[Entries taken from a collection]
====================
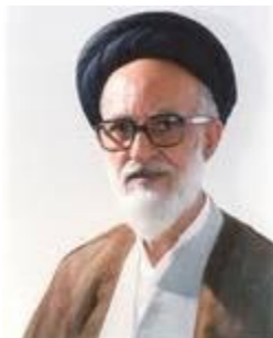
آیت الله حاج سید محمد حسین نسابه - لارستان

زندگینامه حضرت آیت الله حاج سید محمد حسین نسابه
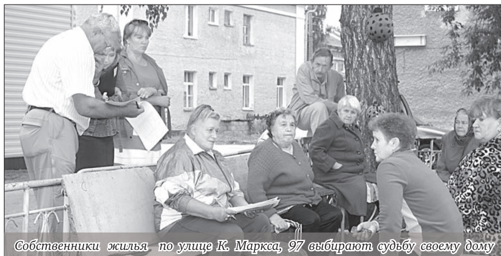
Собственники жилья по улице К. Маркса, 97 выбирают судьбу своему дому
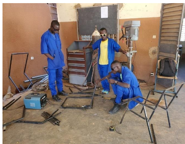
Apprenants en soudure
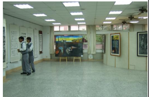
「松濤竹影」展覽會場學生欣賞情形

(7) 2009 年擬定社區化計畫辦理「梅竹入扇」水墨研習營活動邀請水墨名家程雪亞老師至本校指導同仁畫竹梅。
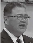
私立高校の授業料実質 無償化の影響について

県側は老朽化した現施設を他施設と集約し、高機能な体育館整備を検討する。また岩手経済同友会からは県と盛岡市に対して建設に向けた提言がなされた。本市としてはスポーツ振興や交流人口増加の寄与度に応じた財政負担の見直しなどを含め誘致活動がどのような形で進めるのかを検討する。
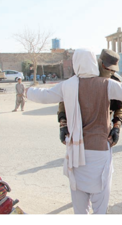
«طالبان» الأفغانية تفحص الأشخاص والعربات قبل عيد الفطر في قندهار (أ.ب.أ)

شهد العامان الماضيان ظهور جماعات إرهابية أصغر وأقل شهرة في المناطق الحدودية الباكستانية - الأفغانية، وهي التي تعلن مسؤوليتها عن الهجمات المتكررة على قوات الأمن الباكستانية. ويعتقد بعض الخبراء أن هذه الجماعات الأصغر والأقل شهرة ليس لها وجود مستقل، وإنما مجرد فروع لحركة «طالبان الباكستانية» وجماعات مسلحة أخرى أقدم يبدو أنها تغير استراتيجيتها تحت ضغط من «طالبان الأفغانية» لعدم مهاجمة الجيش الباكستاني والمصالح الصينية في المنطقة. وفي مقدمة هذه الجماعات الأصغر والأقل شهرة تنظيم «حركة الجهاد» الباكستاني. ولا أحد يعرف شيئاً عن هذا التنظيم سوى أنه أعلن مسؤوليته عن عدة هجمات على قوات الأمن الباكستانية. وأرسل هذا التنظيم رسائل إلى وسائل الإعلام والصحافيين يعلن فيها مسؤوليته عن عدة هجمات في الشمال الغربي مؤخراً. ومع ذلك، عندما سأل الصحافيون الباكستانيون ومسؤولي الأمن الباكستانيين عن حقيقة التنظيم، بدا كلاهما متردداً في تأكيد وجوده.
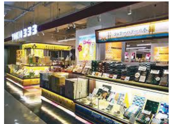
फुट टाउनभित्र रहेका पसलहरू
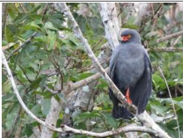
Figura - 36 – Buteogallus schistaceus (Gavião-azul).
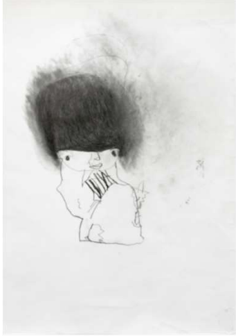
作品名 無題 作者名 白井望 (しらいのぞむ) サイズ 788×1091mm
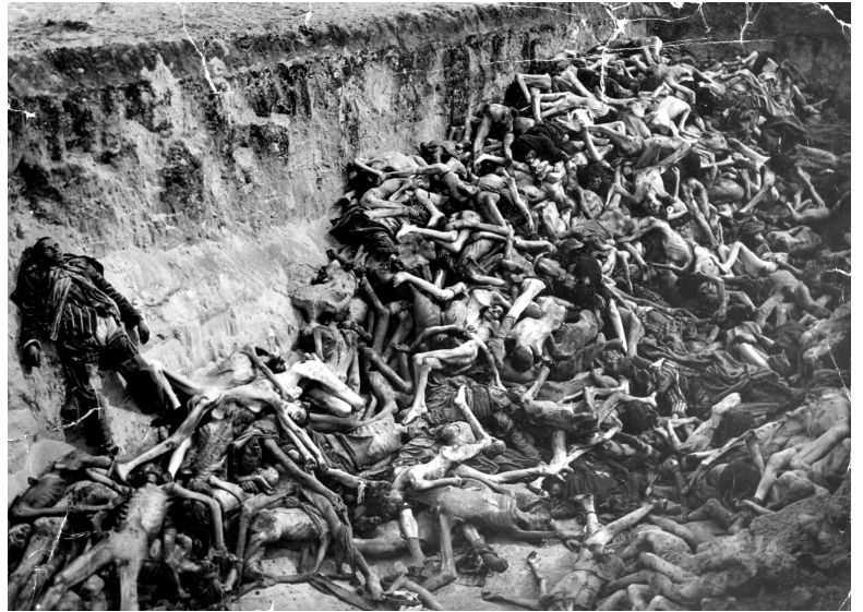
Massengrab im KL Bergen-Belsen mit Fleckfieberopfern, ausgehoben und gefüllt unter Leitung britischer Truppen nach Besetzung des Lagers im Frühjahr 1945.

Für all die Fotos und Filme, die Sie heute sehen, auf denen Reihen von Toten, sehr kranke und abgemagerte Menschen, die Öfen und die Hinrichtungen zu sehen sind, gibt es Erklärungen, die die Alliierten ignoriert oder vertuscht haben. Traurigerweise haben die Alliierten am Ende des Krieges viele der Todesfälle in Belsen und anderen kranken Gefangenenlagern verursacht. Durch die vorsätzliche Zerstörung aller unserer Städte haben sie genau das zerstört, was die Gefangenen brauchten, um gesund und satt zu bleiben. In den letzten beiden Kriegsmonaten herrschte in Deutschland ein derartiges Chaos, dass in einigen Lagern der Typhus außer Kontrolle geriet. Sogar in Dachau wurde ein Zug mit Häftlingen aus dem Lager Belsen von alliierten Flugzeugen angegriffen, wobei viele kranke Häftlinge starben, die nicht mehr ausgeladen und begraben werden konnten, bevor die Alliierten sie fanden. Dann töteten die Alliierten unschuldige Soldaten, die zufällig in der Nähe des Lagers waren. Das ist es, worauf ich hinweisen möchte.
====================
## [Problem requirements]
Within the records above, how many lines include the word "محمد"? State the number by itself.

## [Exercise result]
2